Shahdadpuri suggests that companies start by automating repetitive tasks. “Freeing staff from administrative work enables them to focus on analysis, client engagement, and project support,” he says.

He also advocates accelerated responsibility pathways: “Design six- to twelve-month role ladders with clear milestones to increase scope and autonomy, supported by measurable outputs.”

Exposure is key too. “Encouraging entry-level hires to work alongside mid-level staff on real business challenges provides exposure to multiple functions within the first year,” Shahdadpuri adds. “Sharing dashboards of KPIs, client outcomes, and business results can also help young employees connect their work to organizational success.”

FROM TASKS TO CONTRIBUTION

Jacob believes the answer lies in shifting from task-based to contribution-based design. “Entry-level work should build capability, not test endurance,” he says.

“At Aster, we’ve taken deliberate steps to do this. We’ve automated 90% of repetitive HR and operations tasks, freeing young employees to focus on higher-value work. We’ve also established career pathways: more than 1,200 Gen Z employees are now enrolled in structured learning and progression tracks across clinical, digital, and corporate functions.”

Additionally, Aster’s Next-Gen HR Council, representing 28% of its workforce, gives junior employees a seat at the table, co-creating initiatives on flexibility, wellbeing, and innovation with senior leadership.

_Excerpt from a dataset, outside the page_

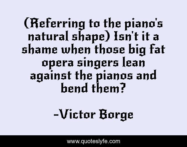 This page presents the quote "(Referring to the piano's natural shape) Isn't it a shame when those big fat opera singers lean against the pianos and bend them?". Author of this quote is Victor Borge. This quote is about funny, humor, humorous, fat, opera, borge, victor-borge, singers, piano,.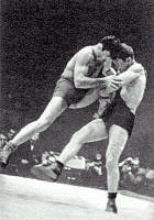 Неуравновешенные композиции. Весь анализ иллюстративного материала показывает, что равновесие, устойчивость изображения достигаются соответствующим расположением в кадре всех его смысловых и изобразительных элементов и что существует великое разнообразие композиционных форм. Всякий раз форма снимка берет начало от его содержания. Получив представление об общих законах построения кадра, фотограф начнет поиск нового материала и новых решений, не повторяя уже изученного и найденного, но лишь опираясь на знание законов и пользуясь приемами изобразительного решения темы как средством выражения замыслов. Рассмотренные примеры и большое количество фоторабот показывают, что в фотографии очень распространены уравновешенные композиции. Однако существуют и иные, как бы обратные решения проблемы, то есть такие композиции, где равновесие сознательно нарушается в целях достижения определенного художественного эффекта. Такой эффект всегда обусловлен содержанием картины, и фотограф прибегает к нему потому, что сюжет получает особую выразительность именно при этом изобразительном решении кадра Примером снимка, в котором нарушены классические принципы равновесия, может служить фото 53 (Е. Шматриков "Борцы"). Фигуры спортсменов расположены в правой части кадра и сюда же направлено движение. Вертикальная ось основной группы, таким образом, резко смещается от центра вправо, равновесие композиции нарушается, она теряет свою устойчивость. Но это, конечно, не случайность, а сознательно примененный автором композиционный прием. Фотограф знает, что равновесие сообщает рисунку устойчивость. Следовательно, потеря равновесия, выход из устойчивого положения содержат в себе элемент динамизма. Значит, неуравновешенная композиция должна помочь передаче движения и сделать снимок более динамичным. Так оно и есть: потеря композиционного равновесия на фото 53 усиливает эффект внутрикадрового движения. Эффект подчеркивается также уклоном линии горизонта.

“When young professionals are trusted with meaningful challenges early, they don’t just evolve faster — they help organizations evolve too,” Jacob says.

MENTORSHIP AND FEEDBACK: THE TRUST EQUATION

Mentorship, Zaytsev notes, is just as important as responsibility. “Pairing new hires with mentors signals that they’re not there to fill space, but to grow.”

While feedback has always mattered, for Gen Z, it’s non-negotiable.

“If companies want to retain this generation, they must understand that dialogue, not silence, is what builds trust,” says Zaytsev. 

“Entry-level jobs should not be seen as filler, but as the first step in a growth map. When companies design roles with ownership, visibility, and mentorship, they turn jobs into journeys.”